„Das Lemming Projekt“ von Wolfgang Kaes lässt mich erst mal nach der Bedeutung des Wortes Lemming suchen. Es stammt wohl aus dem Dänischen. Und: Lemminge stürzen sich nicht einer nach dem anderen in den Tod, sie verüben keinen Selbstmord sondern überschätzen einfach maßlos ihre Kräfte, Wasserflächen zu überqueren. Alle paar Jahre vermehren sie sich aufgrund bestimmter Wetterlagen und genauso verringert sich wieder ihre Population. Hauptsächlich gehen sie auf Wanderschaft, um Futter aufzutreiben. Vielleicht stammt daher der Glaube, dass einer dem anderen folgt, egal ob gut oder schlecht. Das allerdings ist eine Grundlage für den Thriller, der hier beschrieben wird. Wie die Lemminge folgen wir einem, von dem wir denken, dass er weiß, wo das Futter sich befindet.
Um was geht es aber tatsächlich? Gleich mehrere Themen werden aufgegriffen: Die hohe Arbeitslosigkeit junger Menschen in Spanien sowie die Vergangenheit unter Franco und der katholischen Kirche. Ein Lemming = folgsames Wesen unter Franco, das sonst gefoltert, misshandelt, seine Kinder verliert und ähnlich schreckliche Dinge auch unter dem Schutz der Kirche erleidet. Die Macht des Internet, mit ihren Trollen und wie das alles heißt, um Menschen zu beeinflussen Dinge zu tun oder zu lassen, die sie ohne das Netz niemals getan hätten. Beeinflussung von Massen, Wahlen, Demokratien, Hass und alle bösen, niederen Instinkte an die Oberfläche zu bringen und zu verstärken. Jeder Klick ist gut, treibt Werbeeinnahmen ein und stärkt einige wenige darin, zu unvorstellbaren Taten zu greifen. Da helfen niedliche Katzenbilder nicht dabei.
Der Autor redet vom Giftmüll im Netz, das von bestimmten Firmen mithilfe Unzähliger gesäubert wird. Algorithmen können hier weniger unterstützen, die unterschiedlichen gesellschaftlichen Strukturen sind wohl nicht programmierbar.
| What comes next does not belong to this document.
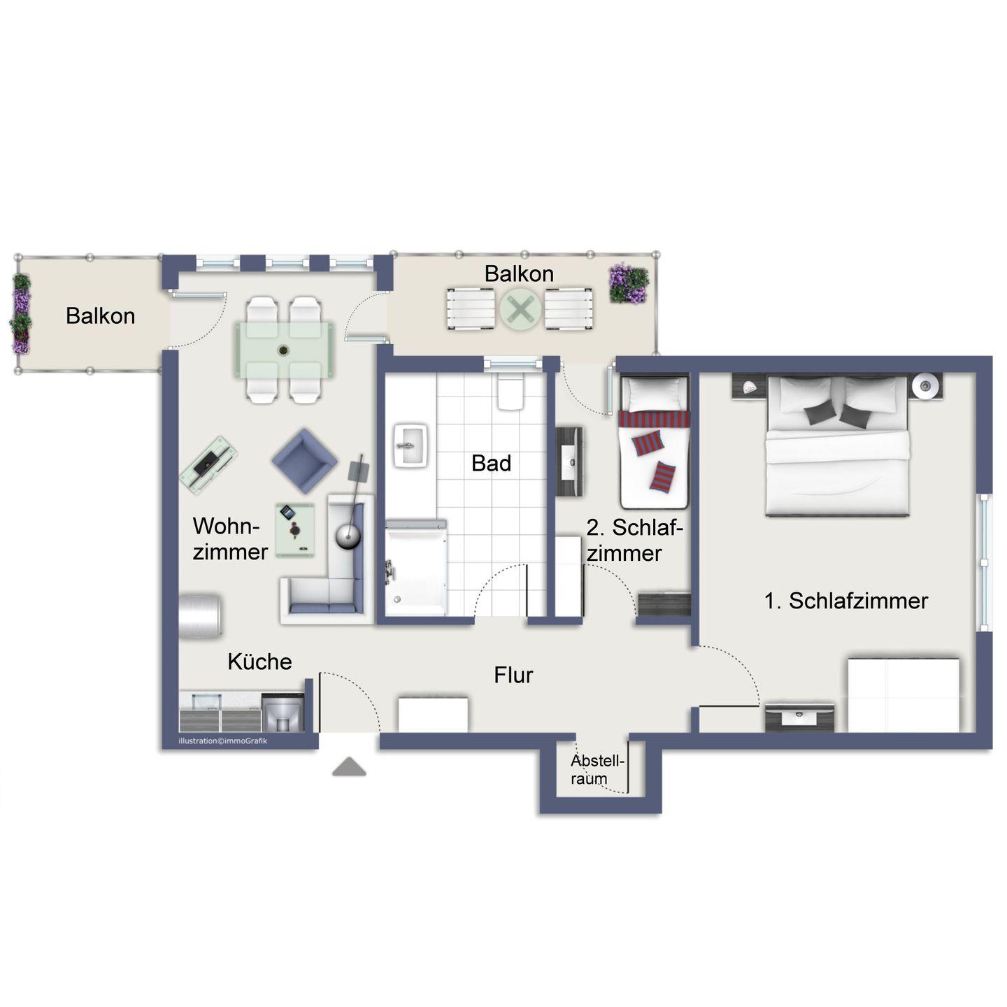 Der Ost-Balkon ist mit geschmackvollen Gartenmöbeln ausgestattet und lädt für entspannte Abende ein.

Deswegen werde ich bei FB abgestraft, wenn ich über das Buch die Pest schreibe, denn dass es sich hier um Literatur handelt, ist einem Algorithmus zunächst fremd.
Alejandro ist einer der jungen Arbeitslosen, gebildet, klug, nicht im Netz unterwegs und begierig auf einen Job. So sitzt er in der Spätschicht und säubert das, was er im Prinzip nicht kennt. Netzaktivitäten, die dem gesellschaftlichen Standard nicht entsprechen. Nacht für Nacht, am Ende der Schicht, trifft er eine junge Frau, Maria, nur um mit ihr in der Dunkelheit an den Strand zu fahren und den Dreck von sich zu spülen, den er stundenlang sehen muss. Entweder löschen oder Meinungsfreiheit.
Hier kommt ein weiteres Thema zur Sprache: Rechte Gruppierungen wollen die Macht übernehmen. Doch in einer Demokratie ist Meinungsfreiheit ein hohes Gut, und so muss er vieles durchgehen lassen, was ihm nicht schmeckt. Als Maria sich von einer Brücke stürzt und ihm eine Nachricht hinterlässt, kommt er Furchtbarem auf die Spur. Marias Familie rückt nun in den Vordergrund. Aber auch die Mutter von Alejandro, die, früh schwanger geworden, einen Taugenichts geheiratet hat, der sie verlässt, als sie wiederholt schwanger wird. Alejandro nun sieht vermehrt ein Bild während seiner Schichten auftauchen, auf dem ein kleiner Junge abgebildet ist, der ihm ähnlich ist. Er selbst ist es nicht? Was steckt dahinter? Seine Mutter bewahrt eben dieses Foto auf, will aber nicht darüber sprechen. Sie ist gefangen in der Zeit von Franco und der katholischen Kirche.
Ihm zu Hilfe eilen Freunde, eine Nachbarin und seine Schwester. Die Nachbarin ist ehemalige Kriegsreporterin, deren Bruder ein Internetspezialist. Seine Schwester arbeitet als Journalisten. Eine hübsche Gruppierung, die natürlich dazu da ist, Geheimnisse zu lüften. Das ist zum Teil sehr interessant, vor allem, was die Franco-Diktatur anbelangt, die bei mir nicht wirklich präsent ist. Die Strukturen der Internetriesen und der Firmen drumherum, wie sie Wahlen und Meinungen beeinflussen, lässt der Autor durch den Internetspezialisten gut erläutern.
Insgesamt ein sprachlich einwandfreier und spannender Beitrag zu den oben genannten Themen.